Web UI stands for Web User Interface, which is the visual and interactive part of a web application that allows users to access and use the services provided by the application. In the video, the Web UI is an important component for installing TensorRT and managing the conversion of models.


LoRA, or Low-Rank Adaptation, is a method used to improve the efficiency of large neural networks by reducing their size while maintaining performance. It involves adding a low-rank matrix to the existing weights of a model, which allows for dynamic adjustment during inference. In the video, LoRA is discussed as a feature that can be integrated into models and used with TensorRT.

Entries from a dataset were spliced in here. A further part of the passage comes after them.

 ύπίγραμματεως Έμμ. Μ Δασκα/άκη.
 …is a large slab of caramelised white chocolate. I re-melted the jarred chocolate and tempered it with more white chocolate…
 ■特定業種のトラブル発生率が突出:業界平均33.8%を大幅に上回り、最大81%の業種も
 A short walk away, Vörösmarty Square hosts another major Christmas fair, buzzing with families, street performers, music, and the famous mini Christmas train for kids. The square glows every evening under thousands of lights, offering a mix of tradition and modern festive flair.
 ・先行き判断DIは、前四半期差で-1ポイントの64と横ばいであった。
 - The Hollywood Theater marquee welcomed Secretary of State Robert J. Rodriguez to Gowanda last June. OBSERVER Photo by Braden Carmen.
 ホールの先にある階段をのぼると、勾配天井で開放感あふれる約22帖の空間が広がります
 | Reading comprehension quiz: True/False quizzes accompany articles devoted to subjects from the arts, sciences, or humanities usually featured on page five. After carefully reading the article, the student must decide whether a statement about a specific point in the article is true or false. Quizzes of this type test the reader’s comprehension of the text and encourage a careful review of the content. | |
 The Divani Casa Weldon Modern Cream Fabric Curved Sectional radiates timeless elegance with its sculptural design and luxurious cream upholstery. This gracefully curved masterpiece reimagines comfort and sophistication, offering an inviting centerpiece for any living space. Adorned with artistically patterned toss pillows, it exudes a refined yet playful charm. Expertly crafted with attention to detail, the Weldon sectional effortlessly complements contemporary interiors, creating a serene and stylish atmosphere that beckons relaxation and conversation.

Installation in this context refers to the process of setting up and preparing software, like TensorRT, for use on a computer. The video outlines the specific steps and requirements for installing the NVIDIA TensorRT expansion, including updating drivers and dealing with potential bugs.


Performance in the context of the video pertains to the speed and efficiency of running AI models, particularly after applying TensorRT optimizations. The improvement in performance is measured by the increased speed of computation and reduced energy consumption.


A bug in software refers to an error, flaw, or unintended behavior that can cause the program to produce incorrect or unexpected results. In the video, the mention of bugs relates to issues encountered during the installation and use of TensorRT, as well as potential problems with LoRA integration.